├── artifacts/
│ ├── Chest-CT-Scan-data
│ ├── data_ingestion
│ ├── prepare_base_model
│ ├── training
├── config/
│ ├── config.yaml
├── research/
│ ├── 01_data_ingestion.ipynb
│ ├── 02_prepare_base_model.ipynb
│ ├── 03_model_trainer.ipynb
│ ├── 04_model_evaluation_with_mlflow.ipynb
├── src/Chest_Cancer_Classification/
│ ├── components/
│ │ ├── data_ingestion.py
│ │ ├── prepare_base_model.py
│ │ ├── model_trainer.py
│ │ ├── model_evaluation.py
│ ├── config/
│ │ ├── configuration.py
│ ├── entity/
│ │ ├── config_entity.py
│ ├── constants/
│ │ ├── init.py
│ ├── pipeline/
│ │ ├── stage_01_data_ingestion.py
│ │ ├── stage_02_prepare_base_model.py
│ │ ├── stage_03_model_trainer.py
│ │ ├── stage_04_model_evaluation.py
│ ├── utils/
│ │ ├── common.py
├── main.py
├── params.yaml
├── templates
├── app.py
├── requirements.txt
├── score.json
├── setup.py
├── dvc.yaml
├── README.md
DagsHub is a platform for data science and machine learning collaboration. It provides version control for data, experiments, models, and code, using tools like DVC (Data Version Control) and MLflow. This allows data scientists and machine learning engineers to work together seamlessly and track their progress.

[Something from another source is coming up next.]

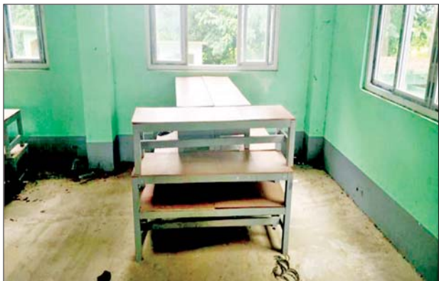
ဧရာဝတီမြစ်ကြောင်းတစ်လျှောက်ရှိ ကျေးရွာများမှ စာသင် ကျောင်းများ၌ အကြမ်းဖက်သမားများ နေထိုင်အသုံးပြုထားသည့် အသုံးအဆောင်ပစ္စည်းများကို တွေ့ရစဉ်။

This project leverages DagsHub for:
- Data Versioning: All datasets are version-controlled using DVC, allowing for reproducible experiments and easy collaboration.
- Experiment Tracking: Experiments are tracked using MLflow, enabling detailed tracking of model performance and parameters.
- Model Management: Models are versioned and managed efficiently, ensuring that the best models are easily accessible and deployable.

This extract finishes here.